We do that by saving the adapters trainer.model.save_pretrained()
, and then by loading the model back with these adapters (PeftModel.from_pretrained()
), and merging them back into the main model weights (model.merge_and_unload()
). With a merged model, we can now save it for future use.
from peft import PeftModel
trainer.model.save_pretrained(f"{model_name}-finetuned/adapters")
merged_model = PeftModel.from_pretrained(
model, f"{model_name}-finetuned/adapters"
).merge_and_unload()
merged_model.save_pretrained(f"{model_name}-finetuned/model")
tokenizer.save_pretrained(f"{model_name}-finetuned/model")
('Qwen/Qwen2.5-0.5B-Instruct-finetuned/model/tokenizer_config.json',
'Qwen/Qwen2.5-0.5B-Instruct-finetuned/model/special_tokens_map.json',
'Qwen/Qwen2.5-0.5B-Instruct-finetuned/model/vocab.json',
'Qwen/Qwen2.5-0.5B-Instruct-finetuned/model/merges.txt',
'Qwen/Qwen2.5-0.5B-Instruct-finetuned/model/added_tokens.json',
'Qwen/Qwen2.5-0.5B-Instruct-finetuned/model/tokenizer.json')
Finally let us give the fine-tuned model a few prompts, and see if it performs as expected. We will use the generate
method of the model to generate responses to the prompts. The method will return a list of generated responses, which we can then print out.
As an exercise, you can try fine-tuning the model on a different dataset, or with a different model from the Hugging Face model hub. You can also try different LoRA configurations to see how they affect the fine-tuning process.
# Prompt the model with a few arithmetic problems
from transformers import pipeline
model = AutoModelForCausalLM.from_pretrained(f"{model_name}-finetuned/model")
tokenizer = AutoTokenizer.from_pretrained(f"{model_name}-finetuned/model")
# Use the correct pipeline type for causal LMs
arithmetic_solver = pipeline("text-generation", model=model, tokenizer=tokenizer)

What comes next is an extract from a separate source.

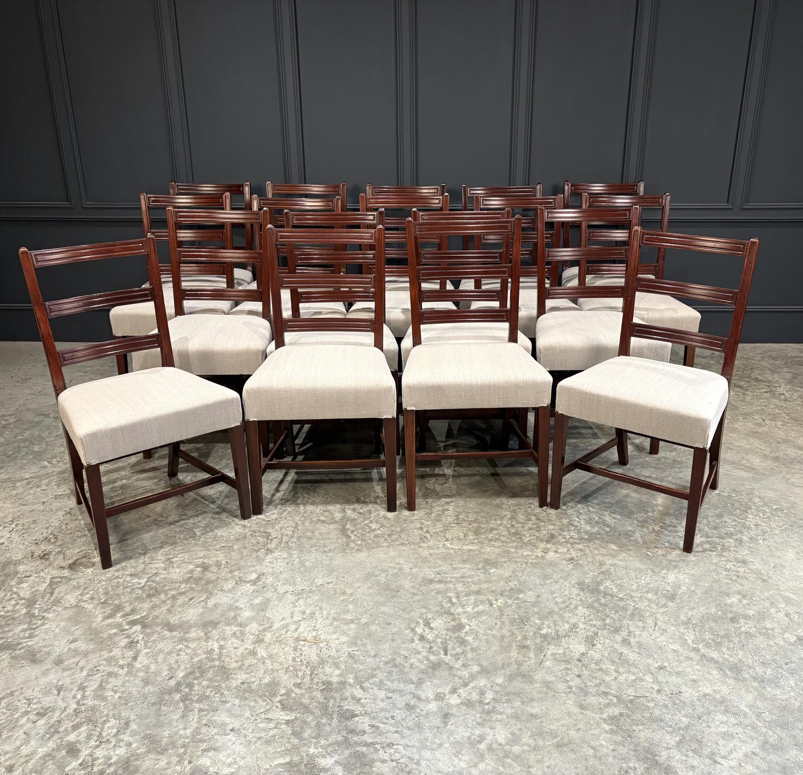 This is a rare set of eighteen Georgian mahogany dining chairs, offering a magnificent solution for large-scale dining with elegance and period charm. Dating from the late Georgian period, these chairs are finely crafted from solid mahogany, each chair features a classic ladder-back design with reeded horizontal rails, squared legs, and traditional H-stretchers, reflecting the timeless balance and symmetry of Georgian style.

# Configure generation properly
generation_config = {
"max_new_tokens": 100,
"eos_token_id": tokenizer.eos_token_id,
"early_stopping": True, # Stop if EOS is generated
}
problems = [
"Given x=12+3, solve for x.",
"Given x=56*10, solve for x.",
"If x=10-4, what is x?",
"Solve for x, given x=3*4.",
"With x=13-3, x is what?",
"Given x=11*3, solve for x.",
]
for problem in problems:
messages = [{"role": "user", "content": problem}]
result = arithmetic_solver(messages, **generation_config)
print(f"Prompt: {problem}")
print(f"Model: {result[0]['generated_text']}\n")
Prompt: Given x=12+3, solve for x.
Model: [{'role': 'user', 'content': 'Given x=12+3, solve for x.'}, {'role': 'assistant', 'content': 'x is 15'}]
Prompt: Given x=56*10, solve for x.
Model: [{'role': 'user', 'content': 'Given x=56*10, solve for x.'}, {'role': 'assistant', 'content': 'x is 560'}]
Prompt: If x=10-4, what is x?
Model: [{'role': 'user', 'content': 'If x=10-4, what is x?'}, {'role': 'assistant', 'content': 'x is 6'}]
Prompt: Solve for x, given x=3*4.
Model: [{'role': 'user', 'content': 'Solve for x, given x=3*4.'}, {'role': 'assistant', 'content': 'x is 12'}]
Prompt: With x=13-3, x is what?
Model: [{'role': 'user', 'content': 'With x=13-3, x is what?'}, {'role': 'assistant', 'content': 'x is 10'}]
Prompt: Given x=11*3, solve for x.
Model: [{'role': 'user', 'content': 'Given x=11*3, solve for x.'}, {'role': 'assistant', 'content': 'x is 33'}]
Yes! The model is generating the expected outputs, having generalized well from the training data. This is a good sign that the fine-tuning process was successful.